-- THE DATA --

★ ★ ★

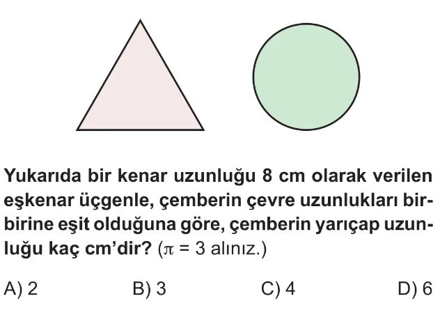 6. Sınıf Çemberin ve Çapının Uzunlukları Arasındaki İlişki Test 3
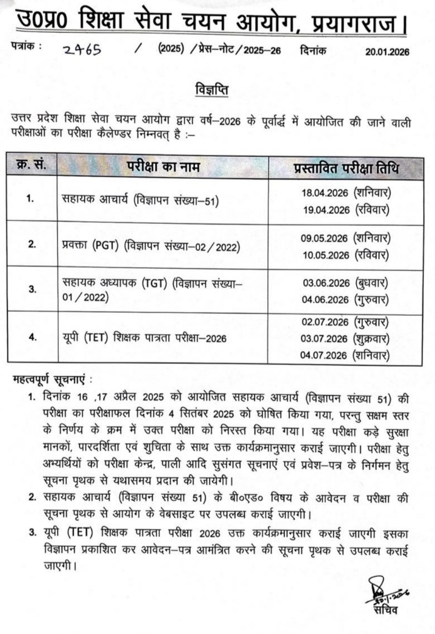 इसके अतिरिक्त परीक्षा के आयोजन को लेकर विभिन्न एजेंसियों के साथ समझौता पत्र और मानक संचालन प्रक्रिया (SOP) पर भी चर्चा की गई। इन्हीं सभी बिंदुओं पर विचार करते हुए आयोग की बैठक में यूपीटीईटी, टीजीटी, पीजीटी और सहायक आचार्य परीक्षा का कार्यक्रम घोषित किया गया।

★ ★ ★

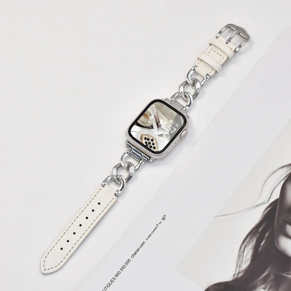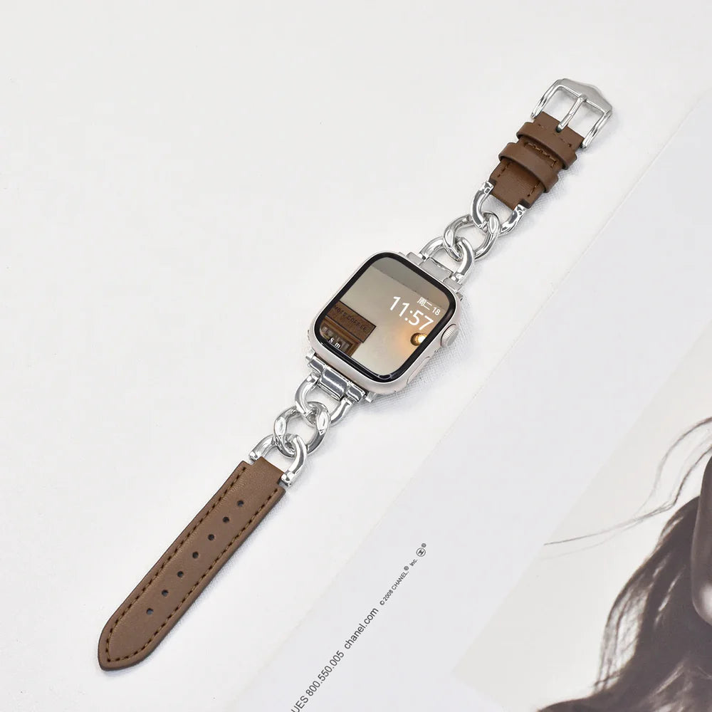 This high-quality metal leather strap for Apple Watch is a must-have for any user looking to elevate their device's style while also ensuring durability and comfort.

★ ★ ★

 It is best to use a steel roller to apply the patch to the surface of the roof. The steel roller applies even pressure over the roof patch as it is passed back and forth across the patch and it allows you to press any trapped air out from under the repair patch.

★ ★ ★

Output only the lines above from the line that holds "6. Sınıf Çemberin" through the line that holds "इसके अतिरिक्त परीक्षा", both ends included, and exclude pictures.

-- RESULT --
 6. Sınıf Çemberin ve Çapının Uzunlukları Arasındaki İlişki Test 3
 इसके अतिरिक्त परीक्षा के आयोजन को लेकर विभिन्न एजेंसियों के साथ समझौता पत्र और मानक संचालन प्रक्रिया (SOP) पर भी चर्चा की गई। इन्हीं सभी बिंदुओं पर विचार करते हुए आयोग की बैठक में यूपीटीईटी, टीजीटी, पीजीटी और सहायक आचार्य परीक्षा का कार्यक्रम घोषित किया गया।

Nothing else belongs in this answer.